Virtumondo exploits vulnerabilities in Sun Java. Whenever computer restarts, the malicious files are recreated. There's no surprise that Internet Exlorer is affected by this virus; MS native browser has always been known for its vulnerabilities. Unfortunately, both Mozilla Firefox and Opera browsers (regarded as more secure than IE) are not virtumonde-resistant.

This malware is known under different names depending on security lab that classified it.

• Downloader.Virtumonde.G
• Spyware/Virtumonde
• Trojan.Virtumod
• Trojan:Win32/Vundo.A
• Trojan.Downloader.Virmo-3
• Trojan.Downloader.Virtumonde.F

The Trojan Virtumondo generates a random .DLL once executed, and then it's capable of stopping security programs, and also infects system processes (e.g. Winlogon). The trojan ensures its active presence in the infected system by adding registry keys to auto-start every time the computer is restarted.

Some variations of malware collect serial numbers of hard drives and report these data in encoded form to its servers. If the infected system is a Virtual Machine, then the virus behaves without any signs of its presence. But if the system is real, then its starts displaying adware, warning messages to scare the user into bying something that allegedly would repair the infection. Despite the months of malware activity passing by, innocent victims fall for the scam and pay for fake antispyware products.

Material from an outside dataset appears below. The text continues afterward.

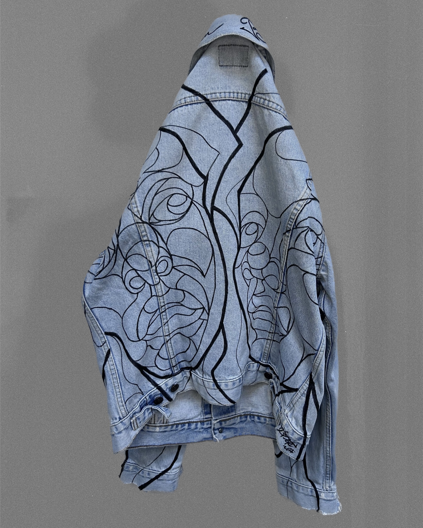 Lesalopard pós como condição a uma colaboração artística, a utilização de duas peças intemporais, a denim Jacket e o Perfecto (cabedal).

Of course none of them can remove it because those rogue security programs make part of the malware.

This malicious evil is hard to remove since it changes its files, and executes itself automatically with Windows reboot. There are not that many unremovable trojan horses like this one.

It's easy to tell when your PC has been infected with this type of malware - endless loop of pop-ups will tell you the adware is there.

Web browser will start showing unrelated ads claiming there's system deterioration detected and offering a fix for it.

Desktop backgroun (a.k.a. desktop wallpaper) will be changed to an image threatening with system infection. Screensaver will be changed to a blue screen. Attempts to change the wallpaper and screensaver will be unsuccessful because the malware changes Registry values to hide tabs of Desktop Properties window.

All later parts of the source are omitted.